Khoudi H, Vézina L P, Mercier J, Castonguay Y, Allard G, Laberge S
Department de Phytologie, Université Laval, Sainte-Foy, Québec, Canada.
Gene. 1997 Sep 15;197(1-2):343-51. doi: 10.1016/s0378-1119(97)00282-5.
A genomic clone of RbcS was isolated from an alfalfa (Medicago sativa L. cv. Apica) genomic library and characterized. Although this clone has structural features similar to a functional gene, the second exon is interrupted by a stop codon and thus is not fully translatable in the plant. Sequence analysis of the 5' and 3' noncoding regions of RbcSK-1A showed a high sequence homology to the flanking sequences of the RbcS-3A gene from pea. The regions of homology contain many important cis-regulatory elements shown to be essential for regulation of the RbcS-3A gene in pea. The promoter of this alfalfa rubisco clone was used in a translational fusion to test its ability to control the expression of the GUS reporter gene in an homologous nuclear background. High levels of GUS enzyme activity were recorded. These strong levels are comparable to some exceptionally high levels produced in other studies following the use of photosynthesis gene promoters in fusions with the GUS reporter gene.

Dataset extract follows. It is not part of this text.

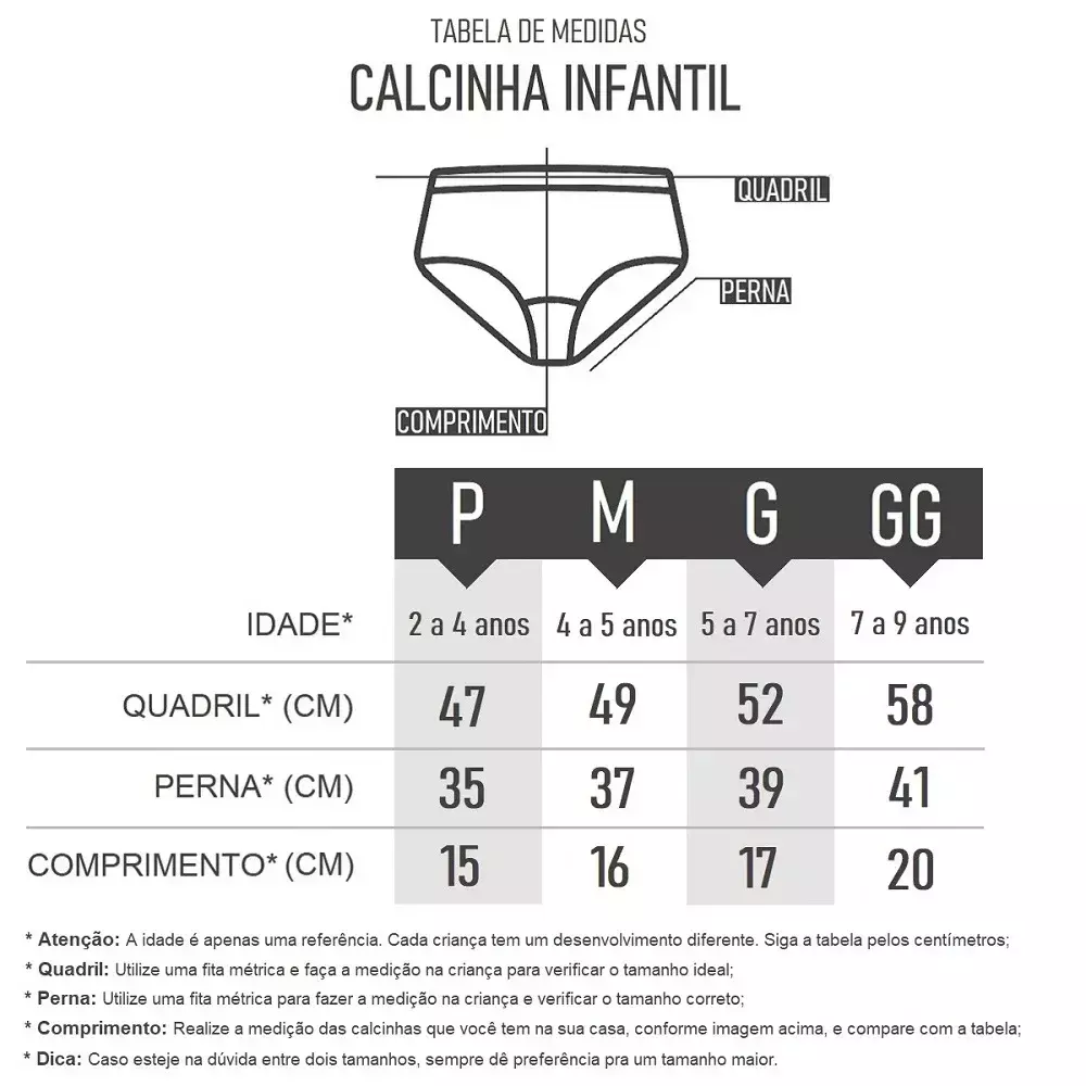 Os kits acompanham calcinhas com estampas sortidas PODENDO HAVER REPETIÇÃO caso haja falta de disponibilidade em estoque.

从紫花苜蓿(Medicago sativa L. cv. Apica)基因组文库中分离并鉴定了RbcS的一个基因组克隆。尽管该克隆具有与功能基因相似的结构特征,但第二个外显子被一个终止密码子打断,因此在植物中不能完全翻译。对RbcSK - 1A的5'和3'非编码区的序列分析表明,其与豌豆RbcS - 3A基因的侧翼序列具有高度的序列同源性。同源区域包含许多重要的顺式调控元件,这些元件已被证明对豌豆中RbcS - 3A基因的调控至关重要。该紫花苜蓿核酮糖二磷酸羧化酶克隆的启动子用于翻译融合,以测试其在同源核背景下控制GUS报告基因表达的能力。记录到了高水平的GUS酶活性。这些高水平与其他研究中在将光合作用基因启动子与GUS报告基因融合后产生的一些异常高水平相当。